Many of the cases have been challenged in the courts, setting up possible future legal showdowns in the Supreme Court such as the current one prompted by the Mississippi law.
What will the court decide?
The court has become increasingly more conservative since 2016 after Mr Trump replaced three judges during his four-year term. During his campaign, Mr Trump vowed to appoint judges who would overturn Roe v Wade and hand the issue of abortion back to state governments to decide.
Justice Neil Gorsuch, who joined the court in 2017, voted in favour of Louisiana’s abortion restriction in 2020.
Brett Kavanaugh was confirmed by the Senate in 2018. He also supported the Louisiana law that was ultimately struck down by the court.
Justice Coney Barrett joined the court in October 2020. She has yet to rule on abortion at the Supreme Court level, but reviewed two cases while serving as a judge on the appeals court.
She voted in favour of a law that would have mandated doctors to inform the parents of a minor seeking an abortion, with no exceptions. She also called for a state law that sought to ban abortions related to sex, race, disability or life-threatening health conditions to be reheard.
Speaking as a law school professor in 2016, she said she did not think “abortion or the right to abortion would change” under a future court.
“I think some of the restrictions would change,” she said. “The question is how much freedom the court is willing to let states have in regulating abortion.”

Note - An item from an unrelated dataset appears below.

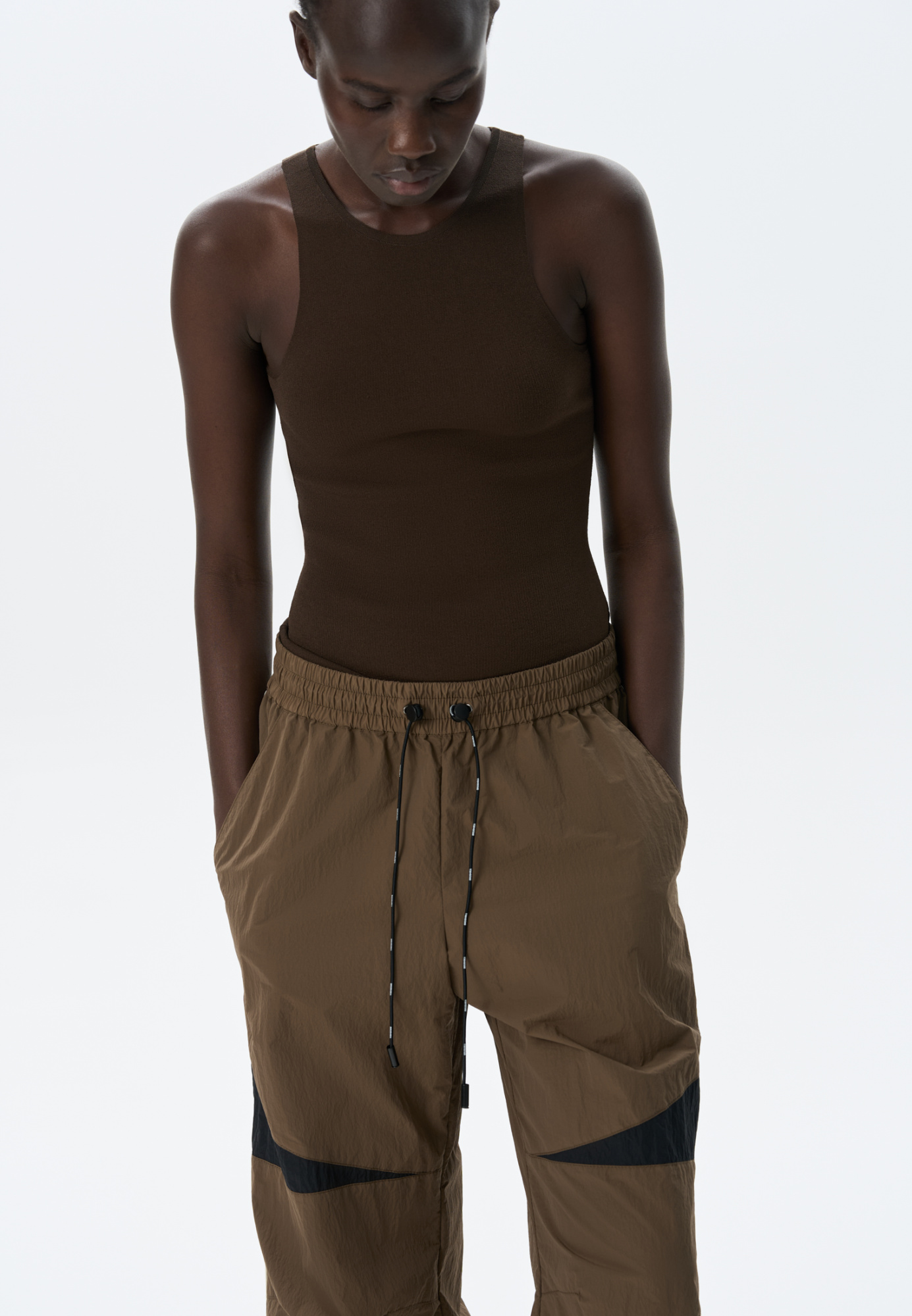 Sleeveless knit viscose bodysuit. Pairs perfectly with a faux leather skirt.

‘It could be the case that kills Roe’
Anti-abortion activists have been waiting, sometimes impatiently, for the increasingly conservative-dominated Supreme Court to take up a case that could allow it to drive a stake through the heart of Roe v Wade. On Monday morning, the court obliged.

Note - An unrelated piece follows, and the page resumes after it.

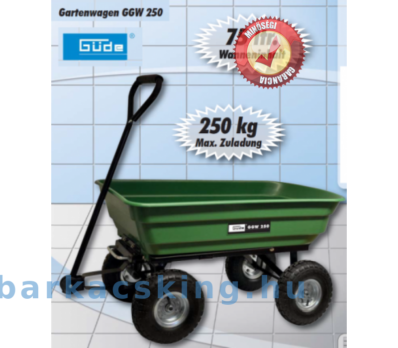 Nagy teherbírású szállító eszköz. Fém vázból, műanyag billenthető teknővel, csapágyazott kerekekkel és tömlős gumikkal. A könnyű billentést a hátsó tengely, emelés közbeni fogáspont változásával érik el. Nagy segítségére lehet egy ilyen szállítóeszköz a kerti munkálatok során.

Mississippi’s 15-week abortion ban was written as direct challenge to existing Supreme Court guidelines governing the legality of abortion. If a majority of the nine-member court decides to uphold the law, it will pave the way for other states to impose their own stringent limitations on the procedure.
That the court decided to hear the case after lower courts struck down the law suggests that at least four justices are open to doing just that.
Abortion has been one of the most highly charged judicial topics in the last half-century. The 1973 Roe case legalising first-trimester abortion nationwide was sweeping in its scope and gave rise to the modern religious conservative movement. A slim majority of justices turned back a serious challenge to the precedent in 1992’s Planned Parenthood v Casey.
This Mississippi challenge has the potential to rank alongside those landmark cases. It could be the case that kills Roe and hands the issue of abortion legality back to the states to decide.